As the Senate hearings addressing the nomination of Judge Sonia Sotomayor to the United States Supreme Court proceed through the thickets of legal concerns, one issue that appears to be rather arcane to the average American may be among the most significant. Indeed, it reflects a philosophical dispute that underlies many of the questions at the hearings. Does Judge Sotomayor believe the Supreme Court should be able to cite international and foreign law in its decisions? Let’s be frank: considering some of the esoteric sources cited in many Supreme Court opinions, why would anyone spend more than a moment on what sources the Court will refer to? Yet, this issue has become a focus of significant debate.

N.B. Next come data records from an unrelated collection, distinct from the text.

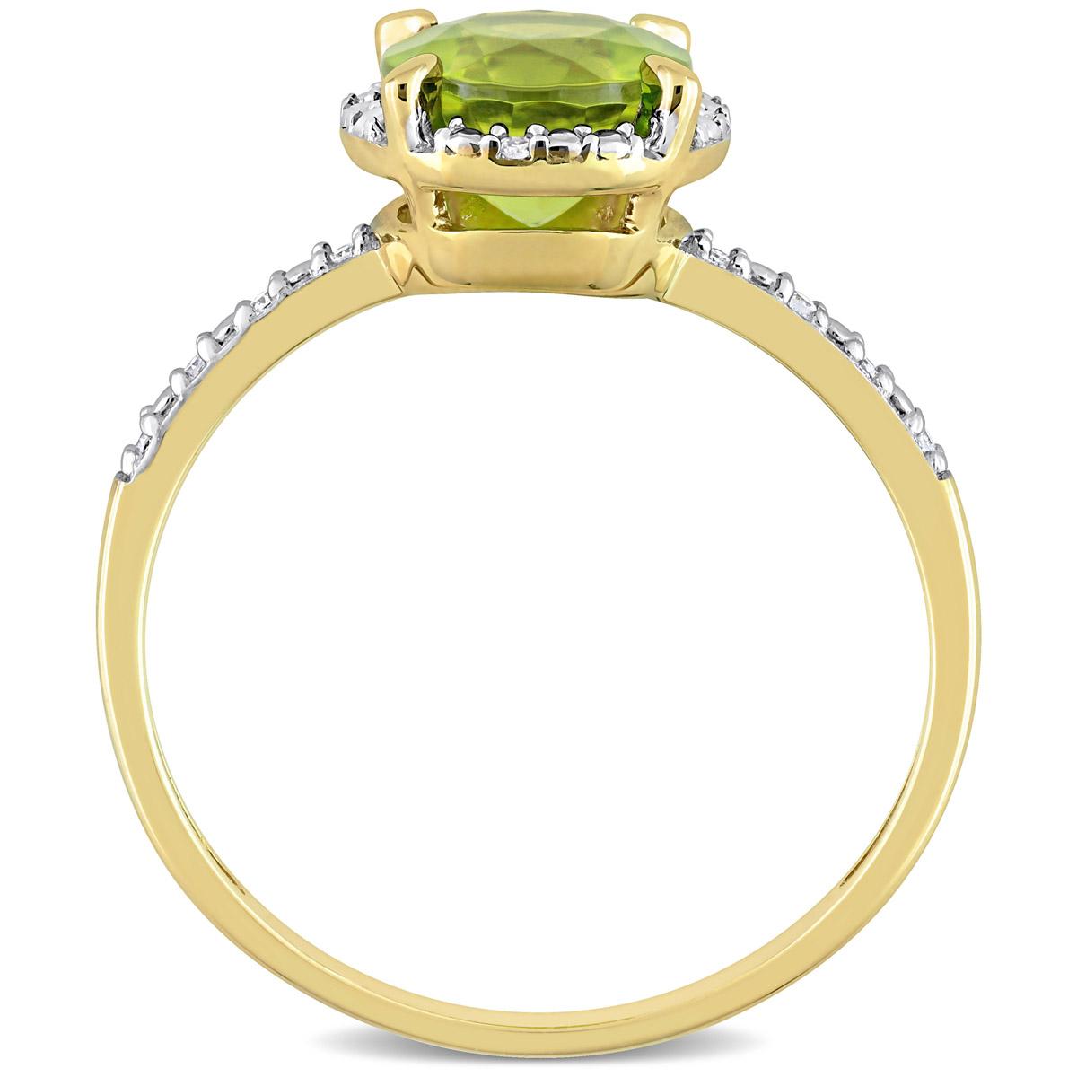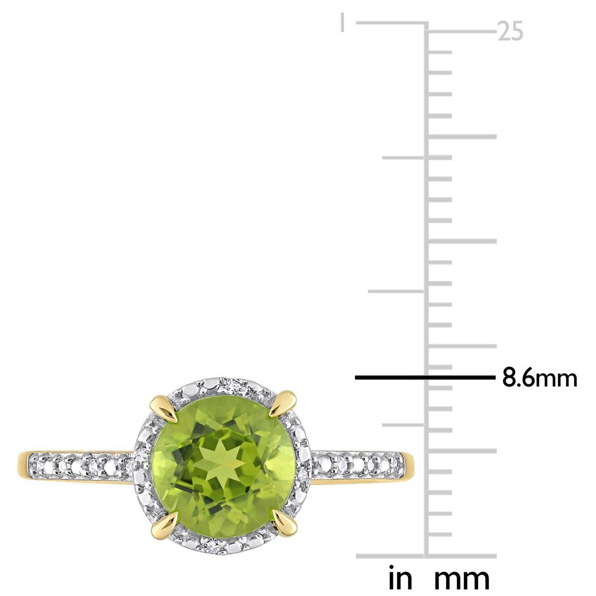 Description This graceful Gemstone Classics™ fashion ring features a round-cut peridot gemstone and round-cut white diamonds set in 10kt. yellow gold. The cocktail ring...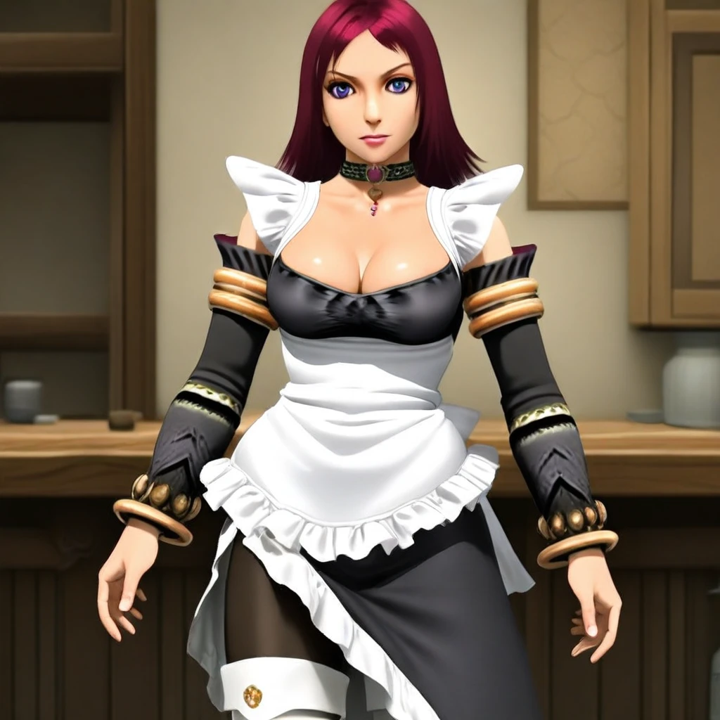 choker, black dress, frills, layered skirt, apron, detached sleeves, armlets, bracelets, thighhighs, pantyhose, boots,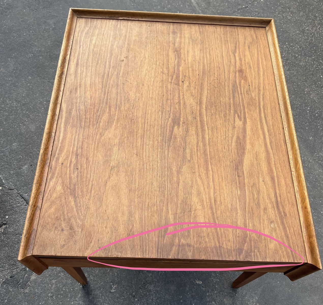 Mid-Century Modern walnut Esprit side table or nightstand designed by Merton L. Gershun for Dillingham. It’s in good condition, but you may want to refinish it as there are some scratches, blemish and wear to the finish. It was hard to capture all the scratches in the light. Please try and zoom into all photos. No damage structurally, just scratches and wear.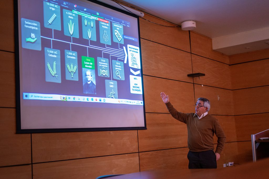 La crisis climática ha puesto en riesgo la seguridad alimentaria del planeta, es por ello que, a nivel mundial, se están buscando e incorporando tecnologías que permitan mejorar la producción agrícola, según explicó Simón Ruiz, director del Instituto de Ciencias Biológicas de la Universidad de Talca, en un encuentro realizado en la Facultad de Ciencias Agrarias de dicha Institución.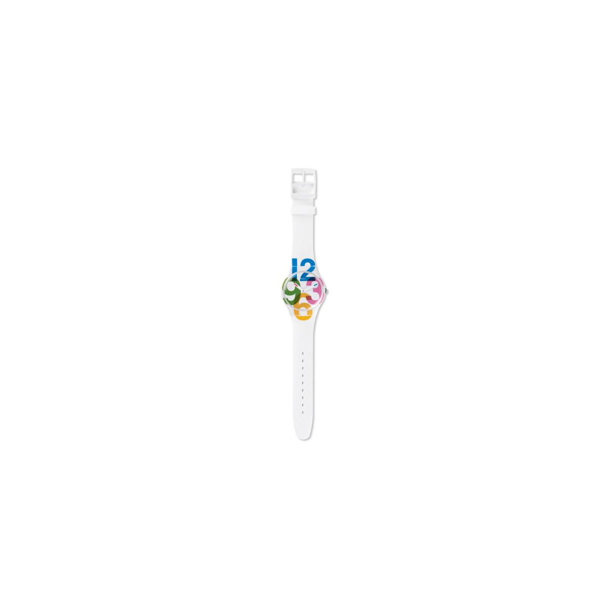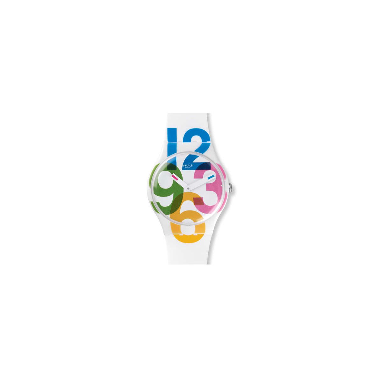 I numeri non mentono. L'orologio CLOCKWISE (SUOW117) mette al centro dell'attenzione dei coloratissimi numeri oversize che risaltano sullo sfondo total white del quadrante, della cassa in plastica e del cinturino in silicone. Anche le lancette sono bianche, con una punta colorata che aiuta a leggere l'ora.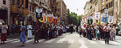 pilgrimage, even by the media, with their 16 colorful banners: one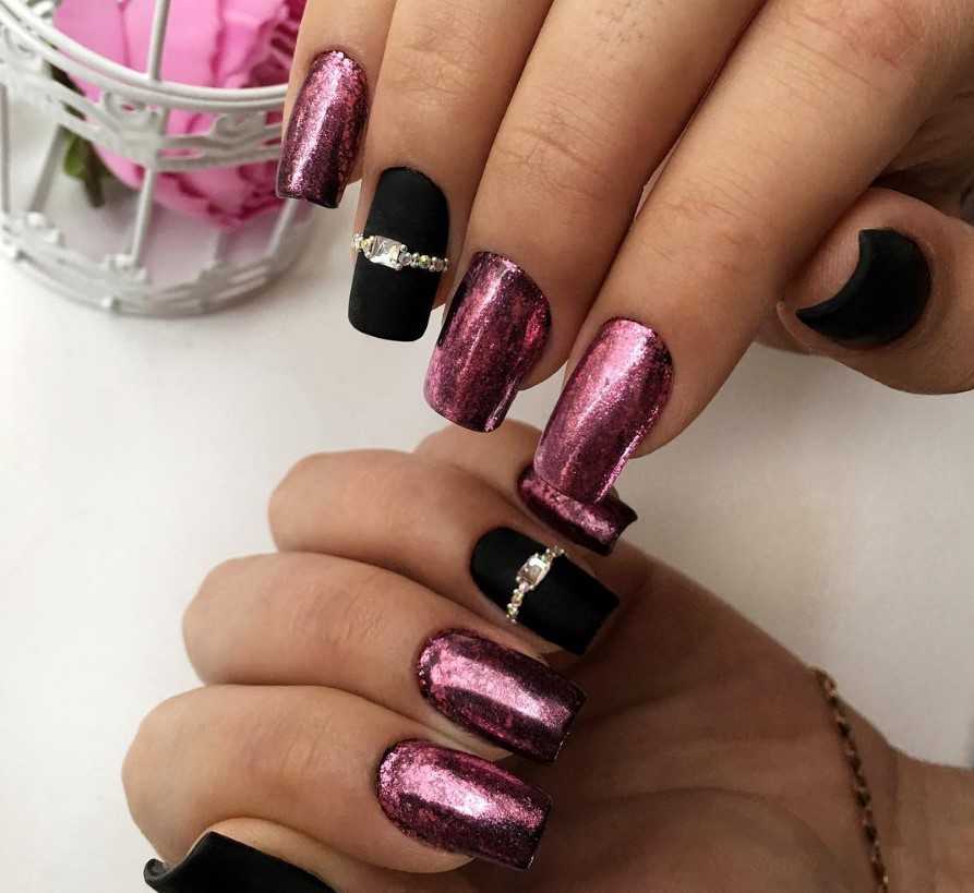 Если нанести жемчужную втирку на черный гель-лак – получится весьма загадочный и необычный образ. Его могут позволить себе решительные и властные женщины, молодые уверенные в себе девушки. Это идеальный маникюр для маленького черного платья.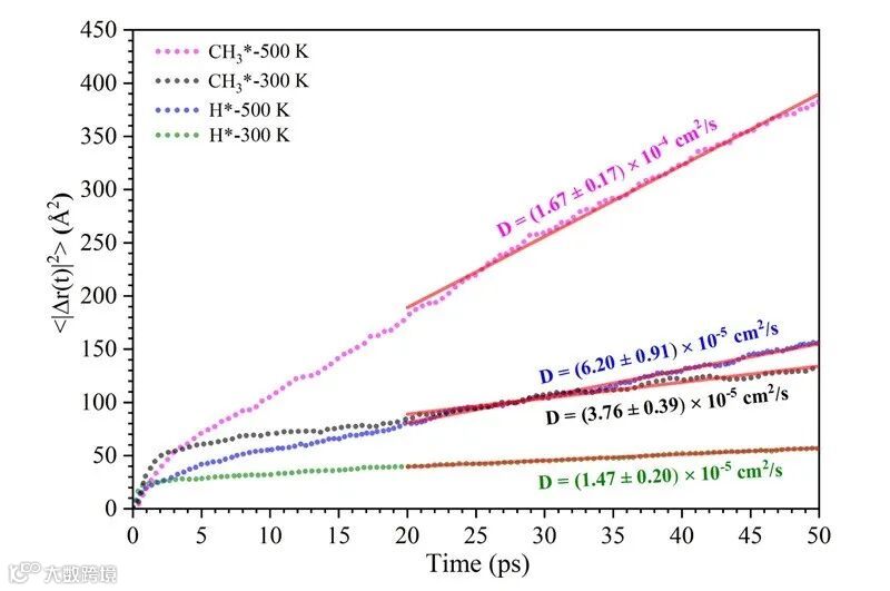 图3. H/CH3随时间演化的均方扩散位移(<|Δr(t)|2>)和相应的热扩散系数(D)。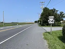 When routes were legislated in Pennsylvania in 1911, the current routing of PA 241 was designated as part of Legislative Route 280, which continued southeast from Bainbridge to Columbia.[5] By 1926, the roadway between Elizabethtown and Lebanon was paved while the road southwest from Elizabethtown to Bainbridge was unpaved.[6] PA 241 was designated in 1928 to run from PA 441 in Marietta north to PA 72 in Lebanon. The route followed Maytown Road north to Maytown, Stackstown Road west to Bainbridge, and PA 441 northwest before it continued northeast along its current alignment to Lebanon and north along Quentin Road to end at PA 72 at Cornwall Road. The entire length of route was paved by 1930.[7][8] In the 1930s, the southern terminus of PA 241 was cut back to PA 340 (now PA 743) in Maytown, with PA 340 replacing the route between Marietta and Maytown.[9] The northern terminus was moved to its current location in the 1950s following the rerouting of PA 72 to Quentin Road.[10][11] The southern terminus of the route was cut back to its current location at PA 441 near Bainbridge in 1961.[12] On June 28, 2021, construction began on a roundabout at Rocherty Road in North Cornwall Township.[13] Construction of the roundabout, which cost $3.4 million, was completed in October 2021.[14]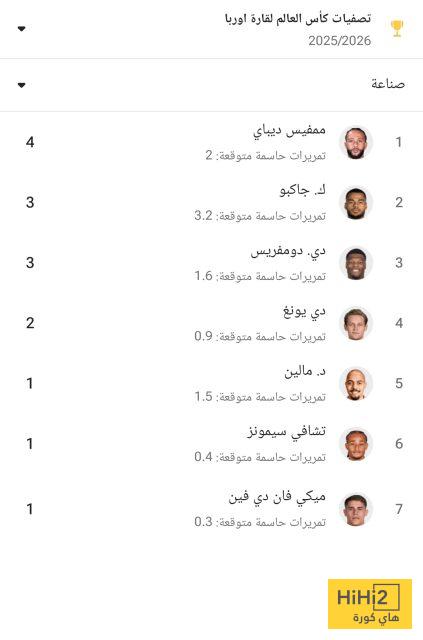 قائمة أكثر لاعبي هولندا صناعة للأهداف في تصفيات المونديال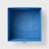 Keep your space organized with this Blue Fabric Bin from Brightroom™. Designed in a rectangular silhouette, this fabric storage bin is perfect for stashing small stationery items, everyday utilities, toys, books and more. It features a wide open-top design for easy access to the contents and a side pull-on tab for easy carrying. Best of all, this storage cube is a solid blue color that adds a sweet pop to your room decor.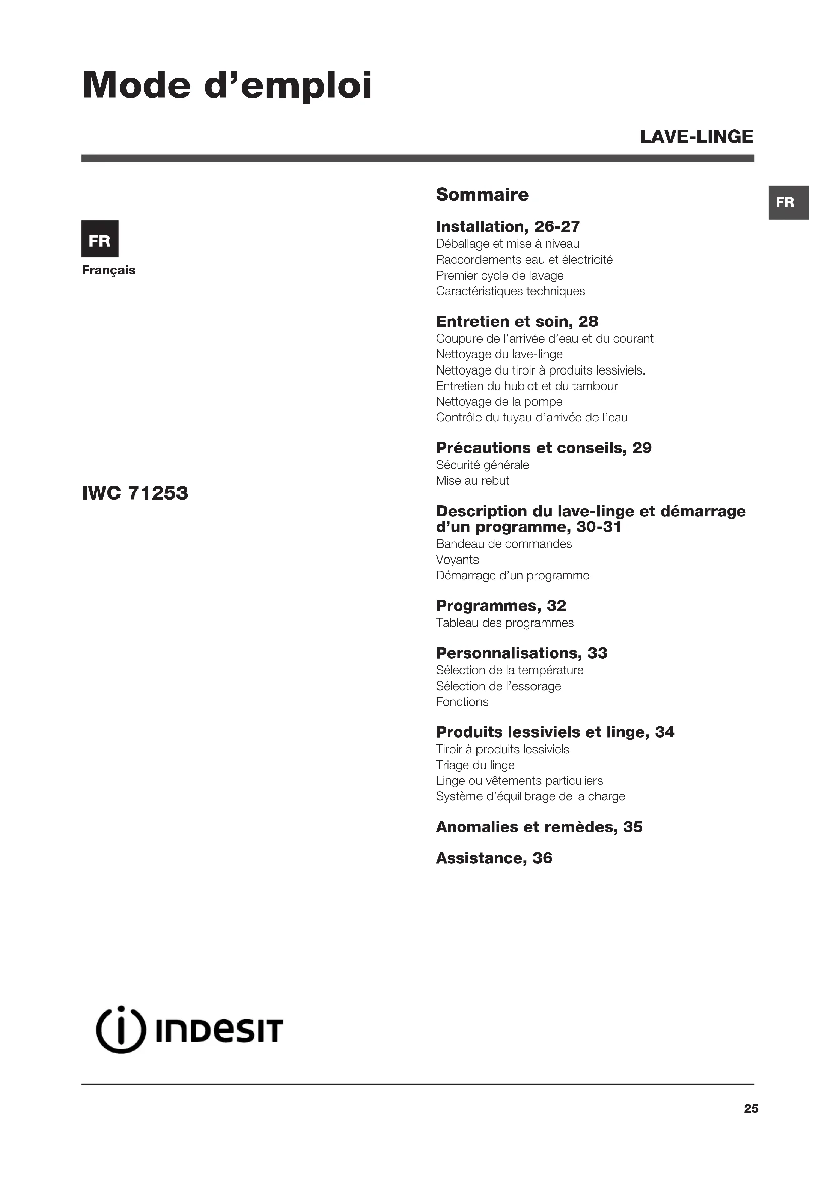 IWC 71253 Mode d’emploi LAVE-LINGE Sommaire Installation, 26-27 Déballage et mise à niveau Raccordements eau et électricité Premier cycle de lavage Caractéristiques techniques Entretien et soin, 28 Coupure de l’arrivée d’eau et du courant Nettoyage du lave-linge Nettoyage du tiroir à produits lessiviels. Entretien du hublot et du tambour Nettoyage de la pompe Contrôle du tuyau d’arrivée de l’eau Précautions et conseils, 29 Sécurité générale Mise au rebut Description du lave-linge et démarrage d’un programme, 30-31 Bandeau de commandes Voyants Démarrage d’un programme Programmes, 32 Tableau des programmes Personnalisations, 33 Sélection de la température Sélection de l’essorage Fonctions Produits lessiviels et linge, 34 Tiroir à produits lessiviels Triage du linge Linge ou vêtements particuliers Système d’équilibrage de la charge Anomalies et remèdes, 35 Assistance, 3626

Although many members of the Court have cited to international and foreign law at one time or another (including Justices William Rhenquist, Antonin Scalia, Sandra Day O’Connor), none have asserted that international and foreign law have any determinative or precedential value in the U.S. legal system. Moreover, citation to international and foreign law in common law cases has rarely been challenged. Rather, the issue is centered on the reference to international and foreign law when the Court is addressing the Constitution. In fact, this issue has served as a cloak for the ongoing debate between the “originalists” (those who assert that the original wording of the Constitution and its context at the time are the sole measure as to the meaning of the Constitution) and the “evolutionists” (those who assert that we must measure the meaning of the Constitution with at least an eye on its contemporary context) over the appropriate way to interpret the Constitution. In effect, the “originalist” argument states that to allow reference to foreign and international law is not merely to align oneself with foreign interpretations that could be inconsistent with the context of American constitutional law (because the sources and therefore the meaning arises in different contexts), but that the use of these foreign sources undermines the very meaning of the Constitution’s drafters and by implication American sovereignty itself. Therein lies the bedrock debate: although international and foreign law is neither mandatory nor precedential, the fear is that these references will be used as tools to pervert the essence of the “originalist” philosophy of constitutional purity.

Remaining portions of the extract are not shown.